As mentioned earlier, power.c contains routines for power computation and power.h is the supporting header file. The simulator is designed using a FUB-centric approach. All the power numbers specific to an FUB is stored together in one structure. The structure is shown below. Not all the elements are used. Some of them are present for future expansion.

typedef struct {

char name[32];

double active_power;

double active_power_rd;

double active_power_wr;

double static_power;

double inactive_power;

double active_power_lt;

double stall_power_lt;

double empty_power_lt;

double active_power_cg;

double active_power_wr_cg;

double active_power_rd_cg;

double inactive_power_cg;

double maxpowerth

double maxdidtth;

double cum_power;

double prev_power;

double max_power;

double max_didt;

double max_powerx;

double max_didtx;

} fub_t;

The element name stores the name of the FUB, which can be at most 32 characters in length. The next four elements store power numbers, which are obvious from their names. It should be noted that active power comes in three flavors. When using the empirical method, only active_power is used. It is the sum of the (power density)*(area) products for the five different circuit styles. When analytical models are used, the read and write operations can be separated and these give different power consumptions thus the rd and wr suffixes. The element inactive_power is presently redundant but can be used in the empirical mode for standby mode. The next three numbers are power values for latches only. The next four elements are the clock gated power numbers which are presently not being used. Notice that clock gating does not affect static power and hence static_power_cg is not present. The elements maxpowerth and maxdidtth are the maximum power and maximum di/dt power thresholds for the FUB. These values are defined in the configuration file. cum_power keeps accumulating the power after every cycle and is finally divided by the number of cycles to get the average power dissipated. prev_power, max_power and max_didt are the previous cycle power, maximum power and maximum di/dt power respectively. Finally, max_powerx and max_didtx keep track of the number of threshold violations.

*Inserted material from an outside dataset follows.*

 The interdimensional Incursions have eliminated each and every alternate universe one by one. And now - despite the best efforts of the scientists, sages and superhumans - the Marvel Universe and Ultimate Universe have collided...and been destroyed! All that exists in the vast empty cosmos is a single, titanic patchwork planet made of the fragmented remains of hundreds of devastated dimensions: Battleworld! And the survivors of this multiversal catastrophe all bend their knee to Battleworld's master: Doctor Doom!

A similar structure of type glb_power_t is used to track the full chip power numbers. Its elements are essentially the sum of the corresponding elements of the FUB structures. Another important structure defined is the power_t, which is used to exchange power numbers. Its got three elements, active_power_rd, active_power_wr and static_power which are self-explanatory.

The activity counts are tracked using two arrays of counters, one for present cycle counts and the other for cumulative counts. Specific counters can be accessed by using the counter name as the index, Eg. pres_count[Ruuarr]. Ninety three counters have presently been declared. New counters can be added simply by adding their names to the #define list and updating NUM_POWER_COUNTERS. As a convention, only the first character of the counter name is in caps.

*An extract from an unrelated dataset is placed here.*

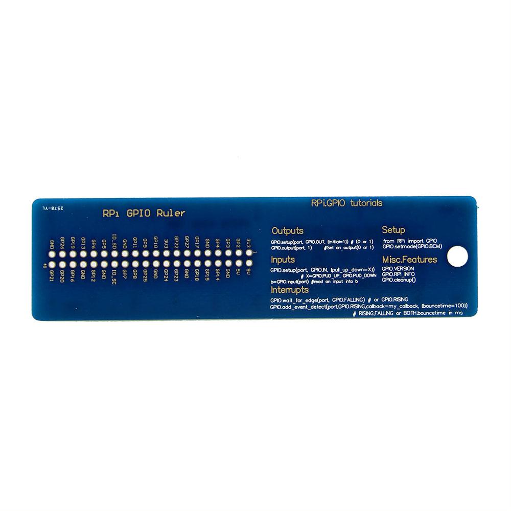 This GPIO Ruler is the ideal quick reference for RPi.GPIO hacking on the Raspberry Pi in Python. It has all the most commonly used RPi.GPIO code, which can be hard to remember. This Ruler can be used as both cm and inches ruler. It fits easily in a pencil case, toolbox or desk tidy.

As more and more features are added to the simulator, new elements can be added to these structures and new counters can be defined for more detail/functionality. This makes the simulator amenable to future development.

Finally, there is a structure, which is used to maintain the power parameter database. The structure type is called power_db. It stores the following data

name: Name of a FUB/variable/file.

S: The number of sets in a cache like structure.

OR

The value of a variable, for example: decode width.

A: Associativity.

B: The block size in number of bits.

b: The output size in bits.

nwl, nbl, nsp, logic, rd_mode as defined in section 4.2.1.

The power_db structure is also used to store the various filenames. The convention used is that the first element of the database has name “root”. The next element’s name is the configuration filename. The third element’s name is the output filename. The fourth is the technology filename and the fifth is the technology identifier. This was found to be a way to avoid the addition of an extra field to the database. All other elements are then added in any order. This concludes the discussion of the important structures used. All other structures are self-explanatory.

2 power.c

power.c contains power estimation routines and option handling routines. These routines are described below

add_param(), get_param()

These functions are used to add and retrieve parameters from the power simulation database. The former adds a structure of type power_db to the database while the latter retrieves the same from the database.

search_opt(), print_opt()

search_opt() is used to retrieve the physical structure parameters (nwl, nbl, nsp, logic style, read mode) on giving the option name. print_opt() prints all the elements of the power parameter database in a tabular form. It is helpful in debugging.

dump_fub_stats()

This function dumps all the power statistics on the screen or into the specified file. The file dump mode can be specified by mode = 0 and the screen dump by mode ( 0.

power_init()

This function allocates memory for all the FUB structures and calls init()on each FUB. It also reads the thresholds specified the –global option and initializes the global power structure.

init()

This function reads the power densities and areas of the FUBs from the basic configuration file in case of the pfa mode. If the mode is anal, then it just calls calc_anal(). The functions initializes all the power variables inside the structure. Finally, it adds the FUB to the FUB database.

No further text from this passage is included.